The clinic also has partnered with Insight Park, the university’s research park, to provide legal services such as entity formation to the park’s tenants. That assistance is part of a much broader focus on transactional law at the clinic. In recent years, the transactional clinic has been popular among students, who are attracted to the opportunity to gain businesses law-related experience while providing a service to the state and its people.
The mission of the transactional clinic is to foster the economic development of diminished communities in the state and Delta region by providing tools and knowledge to low-capital entrepreneurs and not-for-profits. A recent transactional clinic project involves changing policy by recognizing food resources as an economic development issue. By supporting an agricultural-based economy in the Delta, the clinic hopes to foster community development.
Its first step is a fact-finding mission to recognize what already exists in the area. From there, the clinic can provide businesses assistance to those people already selling food in the Delta, from a woman who sells cakes at church to the farmers who have roadside stands. The clinic is collaborating with the UM Department of Sociology and John Green, director of the Center for Population Studies, on this long-term policy objective.
Previous policy directives have been diverse. The examples are many: the clinic assisted the Mississippi Department of Health with a program to prevent childhood lead poisoning; it spearheaded the creation of a post-Katrina legal relief manual; and it provided the legwork that led to Mississippi’s residential landlord-tenant act by drafting legislation. The clinic was instrumental in changing Mississippi family law to better protect children in divorce custody battles by creating a presumption that a parent who has been charged with domestic abuse should be less likely to be awarded child custody. Current policy-related issues include protecting senior citizens’ rights and reforming the school-to-prison pipeline that results from flaws in the juvenile justice system.

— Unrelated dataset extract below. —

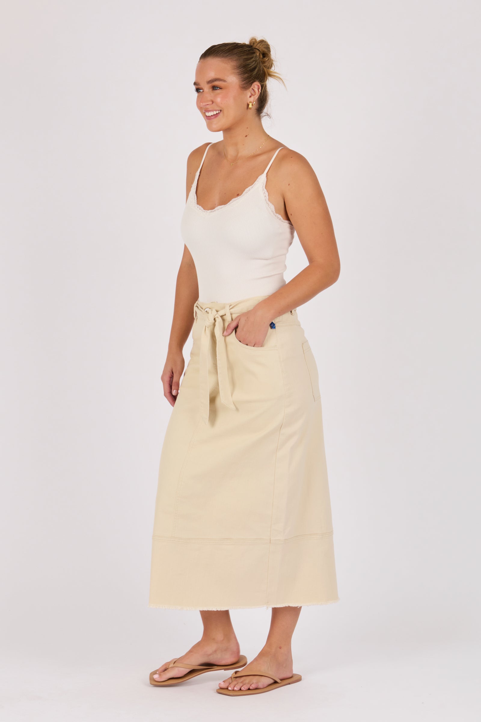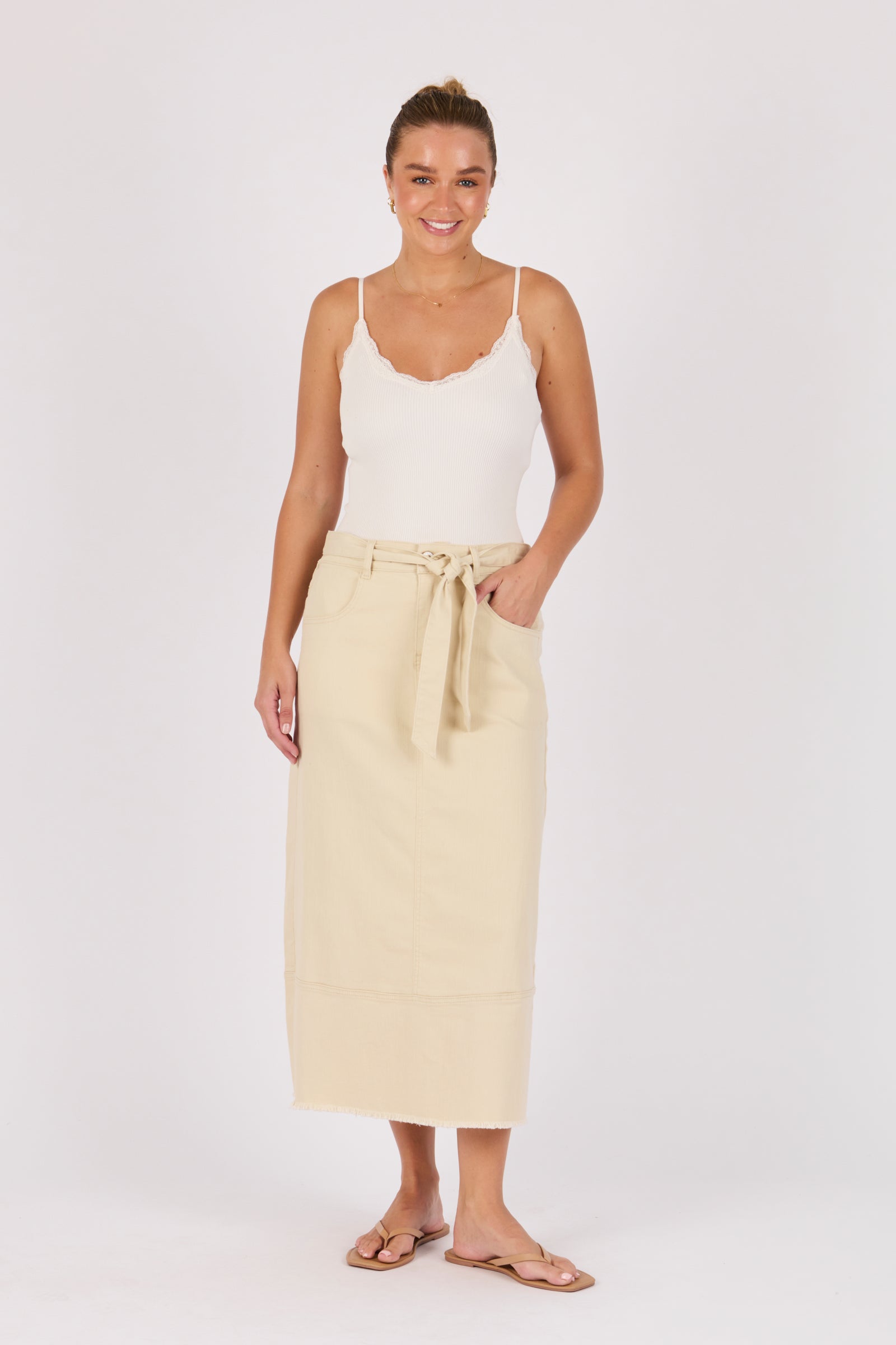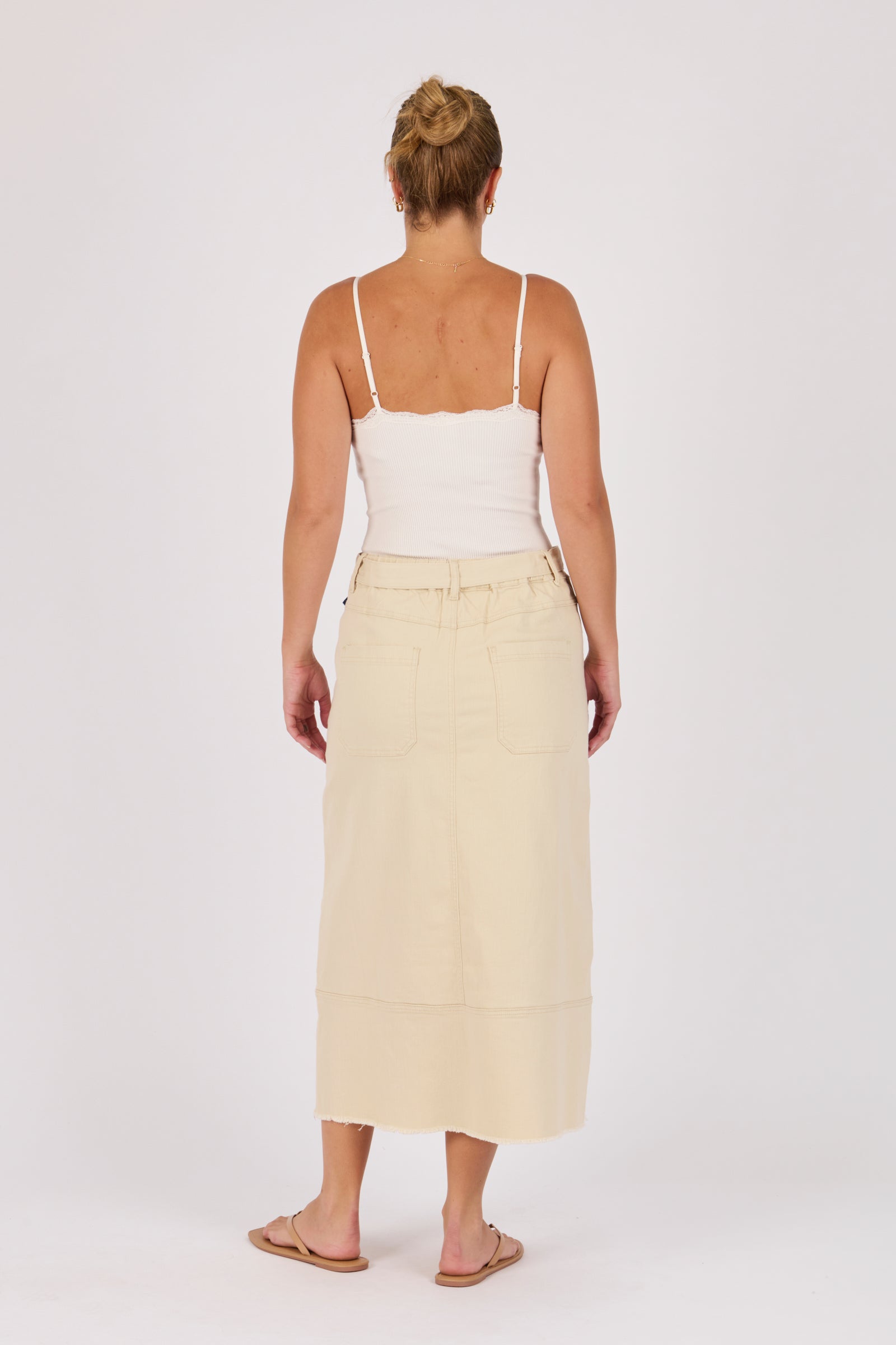 Hem Panel Detail Midi Skirt - Ecru

All the clinic’s policy-directed projects share a common goal: to help Mississippi’s legal system at its roots. Hensley is driven as much by teaching and policy work as she is by helping people who are in desperate legal situations.

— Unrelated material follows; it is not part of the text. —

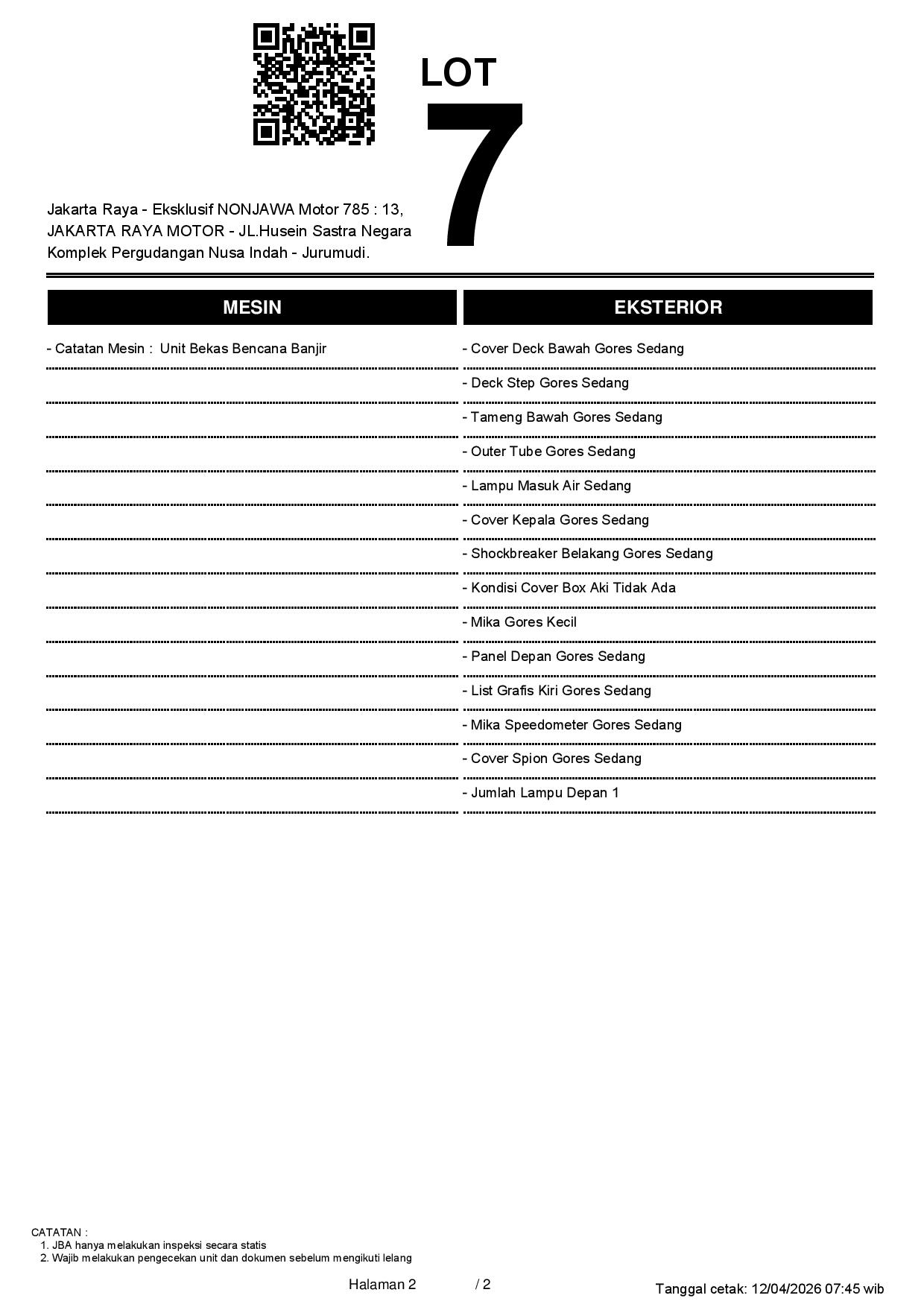 2. Peserta lelang wajib cek unit & dokumen

“Helping an individual deal with an eviction helps that person, but helps them in a way that is almost a Band-Aid,” she said. “It’s covering a wound, coming in after the injury and trying to make it better than it otherwise would be. But when you’re doing the policy work and working with the students, you’re doing preventative medicine.
“I’m very driven to get to the root causes and also to reach students so that they, too, realize that being a lawyer is about supporting your community and supporting your state, to deal with these problems on the front end. As a law school, we have a duty to train our students to think of these as systemic issues and not just issues that plague certain people, but often arise in the challenges of our state.”
Hensley’s students have taken those experiences to heart. Emily Ratliff, a 2010 law school graduate, spent three semesters working with the Child Advocacy Clinic and continued to volunteer on some projects after graduation. A practitioner in disability law, Ratliff credits her time in the clinic with giving her practical work experience as well as forming a broader understanding of the responsibilities of serving in the legal profession.
“I learned so much about the struggles low-income Mississippians face due to their limited access to legal services,” Ratliff said. “My time in the Child Advocacy Clinic not only taught me legal advocacy skills, but also the role compassion has to play in being a good advocate.”